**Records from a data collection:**
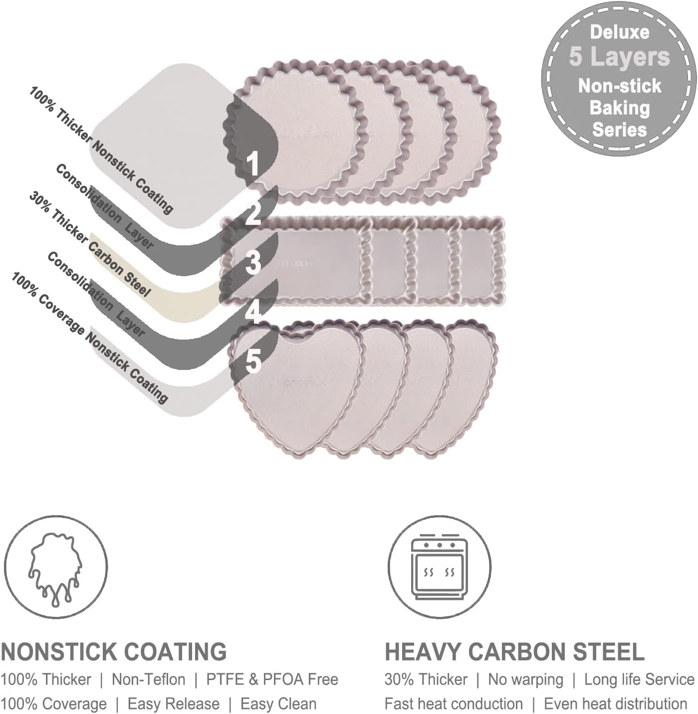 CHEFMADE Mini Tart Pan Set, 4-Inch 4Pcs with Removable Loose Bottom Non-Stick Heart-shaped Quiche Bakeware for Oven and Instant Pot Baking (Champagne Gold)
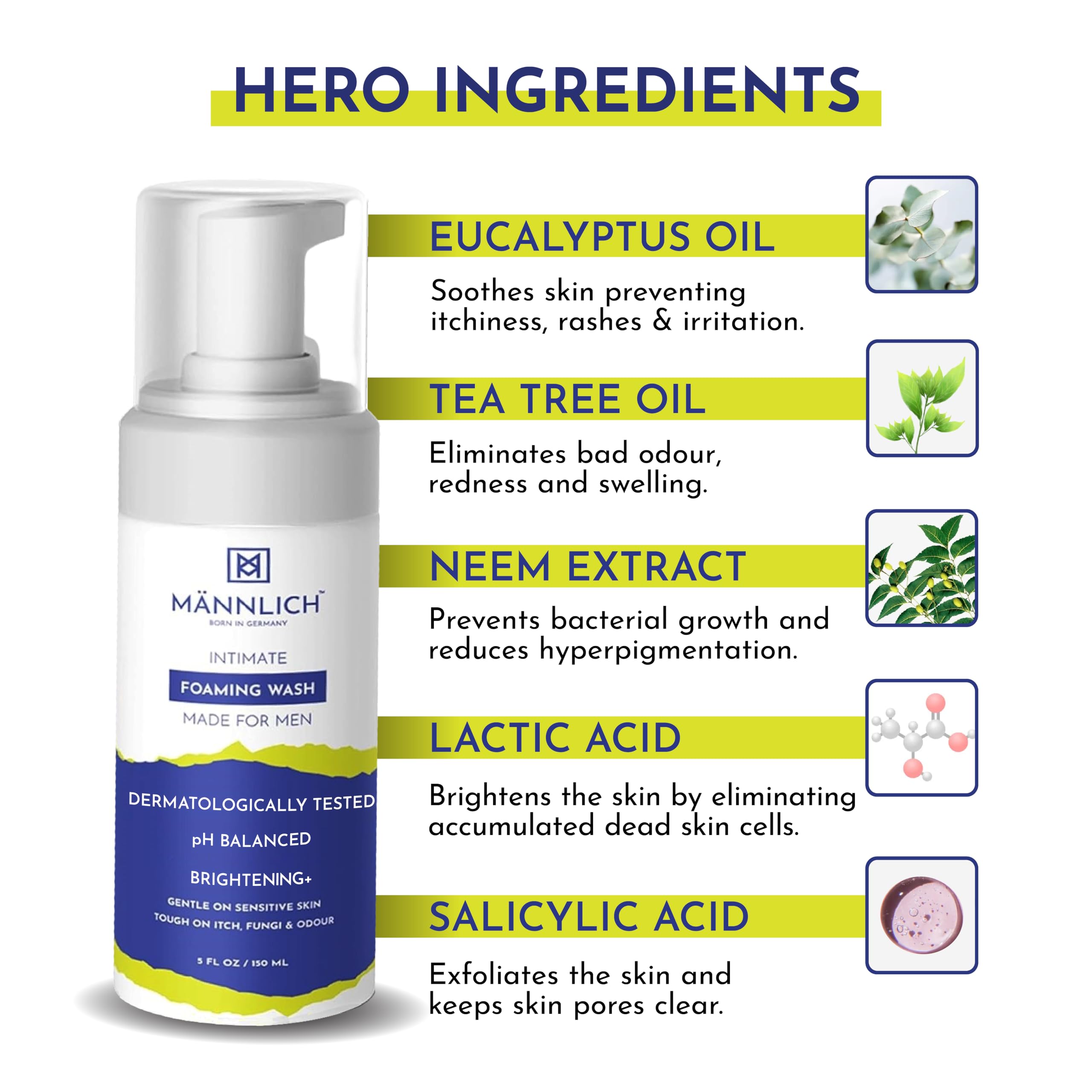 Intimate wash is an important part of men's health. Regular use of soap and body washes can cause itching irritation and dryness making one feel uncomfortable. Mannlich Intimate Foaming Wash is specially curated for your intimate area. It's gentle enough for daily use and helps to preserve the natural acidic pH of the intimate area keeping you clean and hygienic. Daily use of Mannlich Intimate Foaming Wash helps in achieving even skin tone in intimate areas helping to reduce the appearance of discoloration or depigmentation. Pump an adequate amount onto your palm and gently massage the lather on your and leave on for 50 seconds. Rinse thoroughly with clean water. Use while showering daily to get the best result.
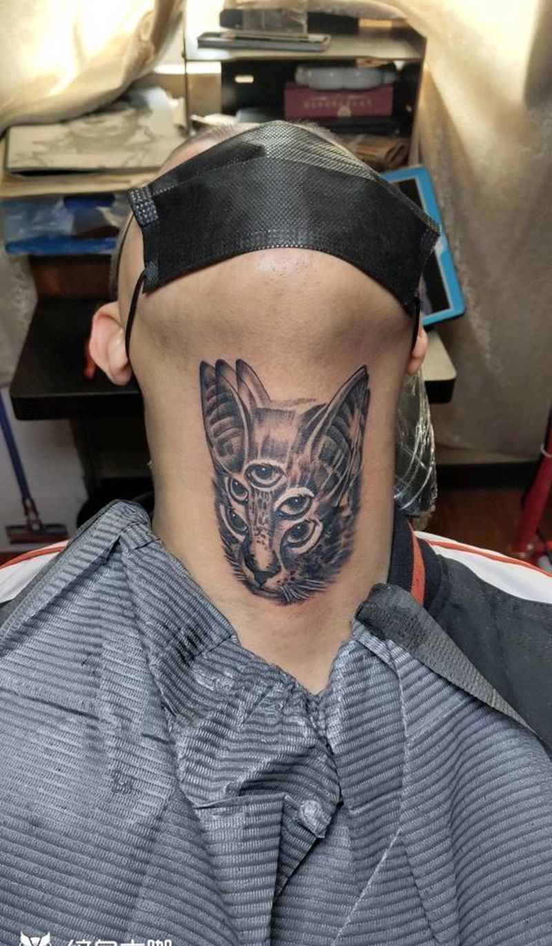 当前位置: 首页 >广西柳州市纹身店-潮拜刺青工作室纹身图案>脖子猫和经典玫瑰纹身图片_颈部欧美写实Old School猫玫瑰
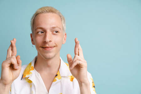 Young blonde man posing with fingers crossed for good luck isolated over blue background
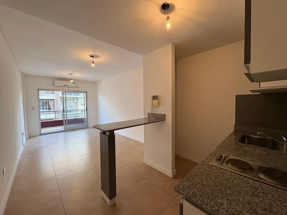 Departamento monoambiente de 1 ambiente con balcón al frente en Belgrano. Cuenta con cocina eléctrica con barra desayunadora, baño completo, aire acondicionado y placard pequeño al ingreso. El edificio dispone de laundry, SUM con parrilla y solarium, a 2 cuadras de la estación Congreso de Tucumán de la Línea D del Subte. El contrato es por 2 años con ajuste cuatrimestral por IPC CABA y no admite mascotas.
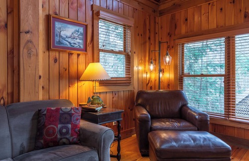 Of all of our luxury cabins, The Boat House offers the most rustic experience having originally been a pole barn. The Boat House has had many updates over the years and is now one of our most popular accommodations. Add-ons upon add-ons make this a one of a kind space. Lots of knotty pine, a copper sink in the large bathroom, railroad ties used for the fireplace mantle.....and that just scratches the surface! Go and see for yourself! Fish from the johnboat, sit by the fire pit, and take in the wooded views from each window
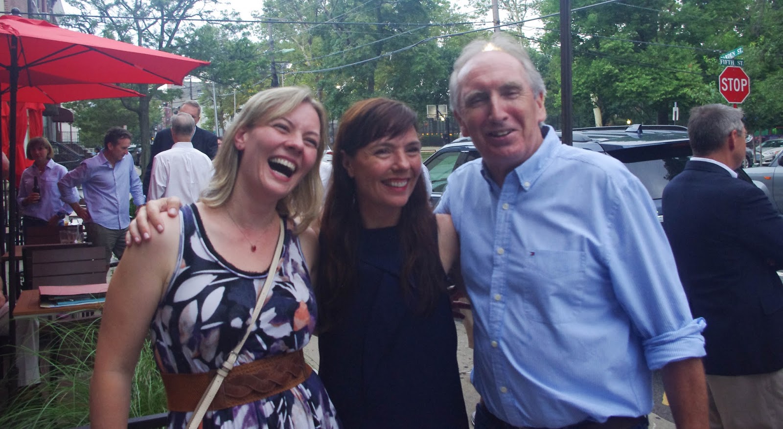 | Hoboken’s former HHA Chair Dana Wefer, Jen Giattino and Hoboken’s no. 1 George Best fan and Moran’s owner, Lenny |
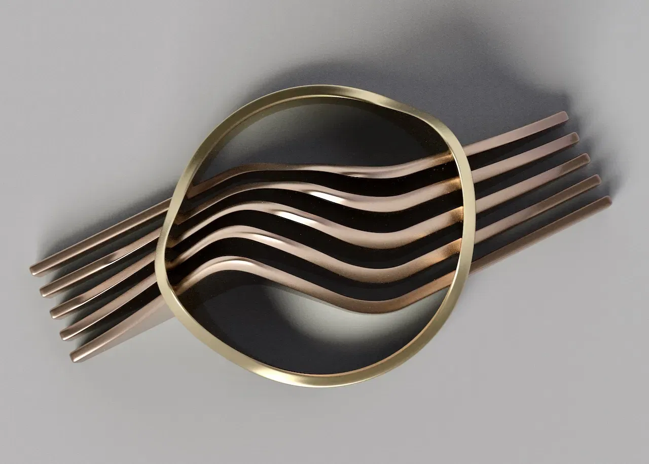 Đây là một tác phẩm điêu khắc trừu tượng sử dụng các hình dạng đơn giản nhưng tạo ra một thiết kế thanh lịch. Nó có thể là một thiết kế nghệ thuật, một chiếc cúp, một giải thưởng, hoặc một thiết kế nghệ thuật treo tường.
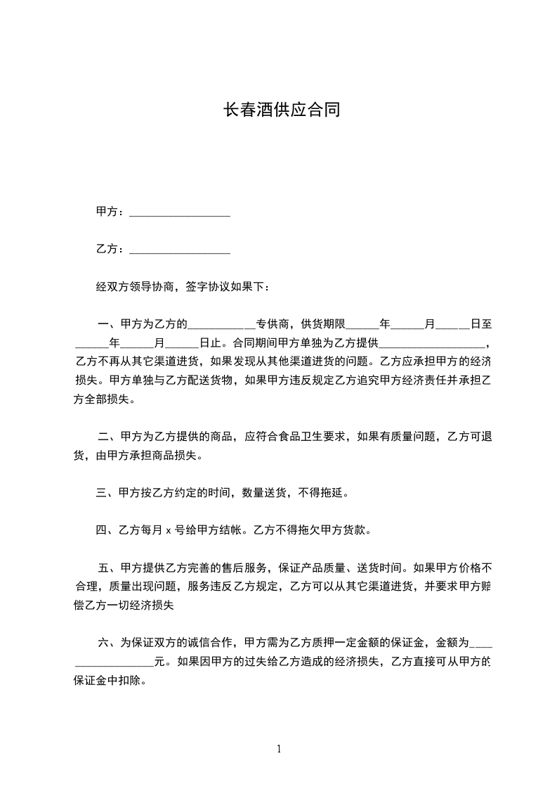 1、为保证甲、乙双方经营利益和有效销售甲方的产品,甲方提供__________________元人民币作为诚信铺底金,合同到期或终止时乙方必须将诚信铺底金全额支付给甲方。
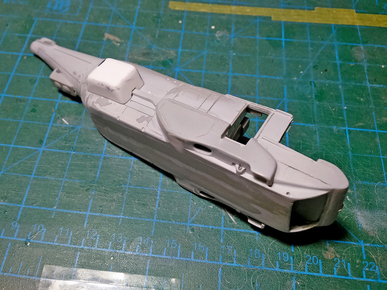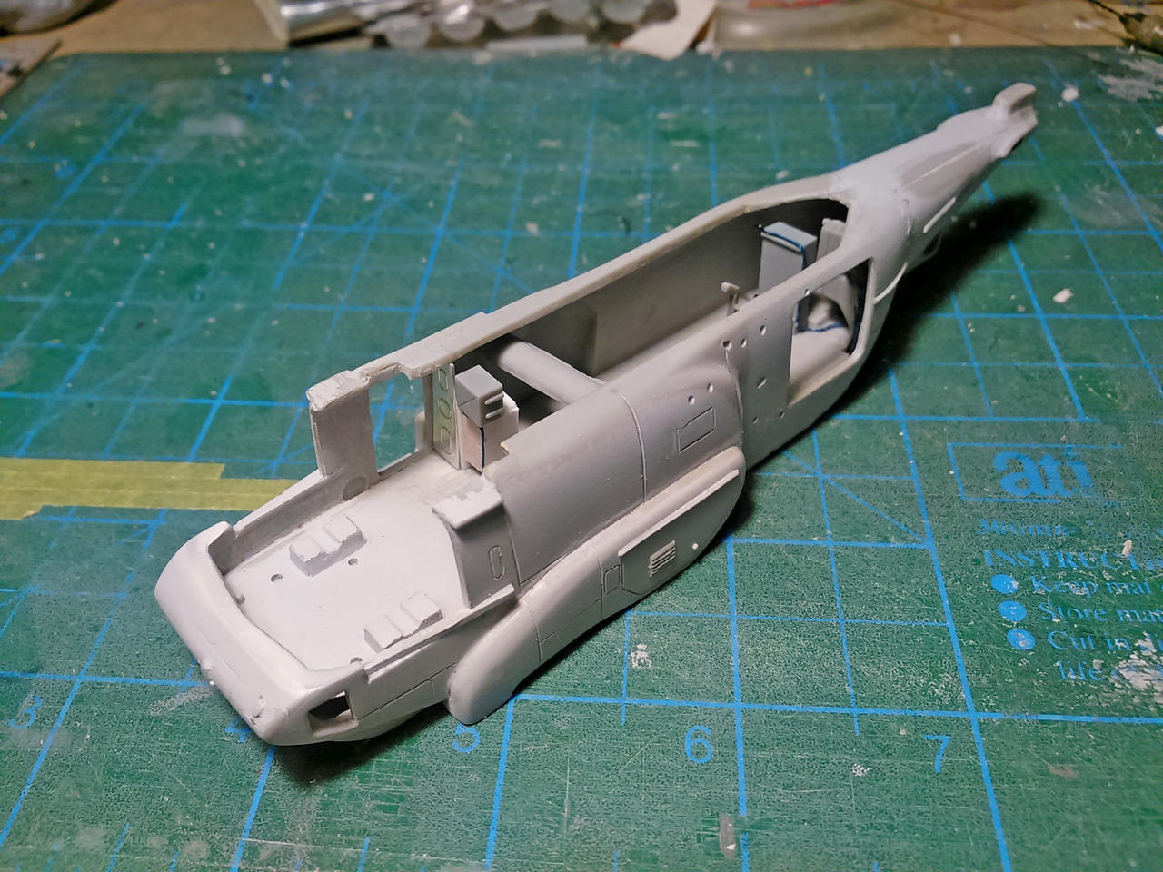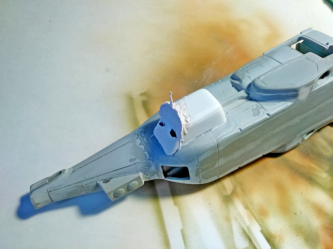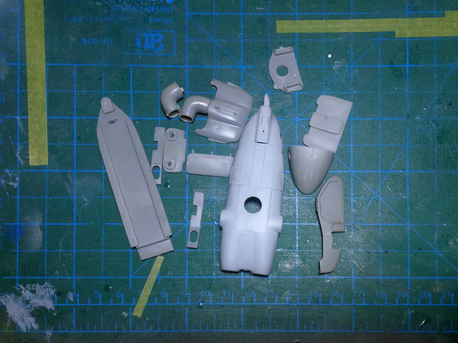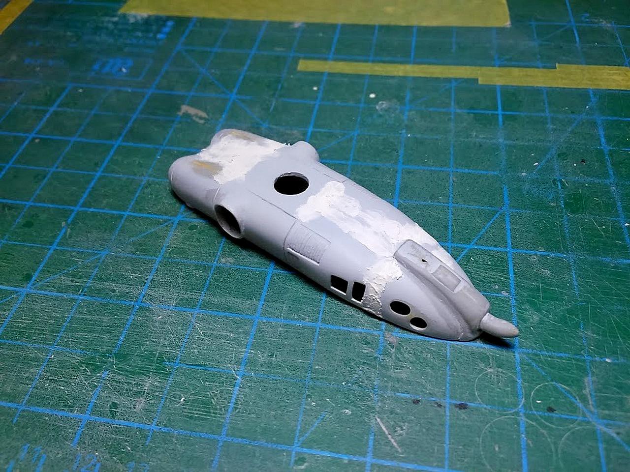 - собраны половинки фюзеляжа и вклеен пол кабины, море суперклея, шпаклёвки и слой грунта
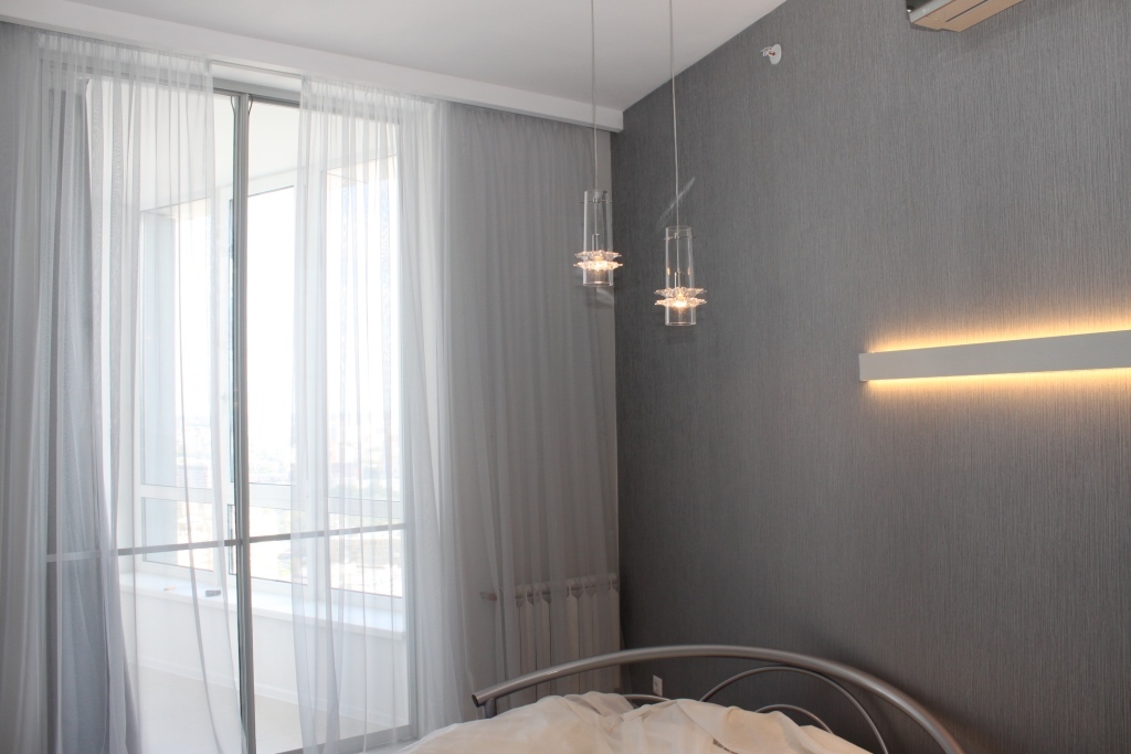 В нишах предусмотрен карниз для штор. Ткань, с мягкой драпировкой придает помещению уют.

**What you should do:**
Restate the data exactly, though only from the line that contains "1、为保证甲、乙双方经营利益" through its last line, both ends included and with the pictures left out.

**Worked solution:**
 1、为保证甲、乙双方经营利益和有效销售甲方的产品,甲方提供__________________元人民币作为诚信铺底金,合同到期或终止时乙方必须将诚信铺底金全额支付给甲方。
 - собраны половинки фюзеляжа и вклеен пол кабины, море суперклея, шпаклёвки и слой грунта
 В нишах предусмотрен карниз для штор. Ткань, с мягкой драпировкой придает помещению уют.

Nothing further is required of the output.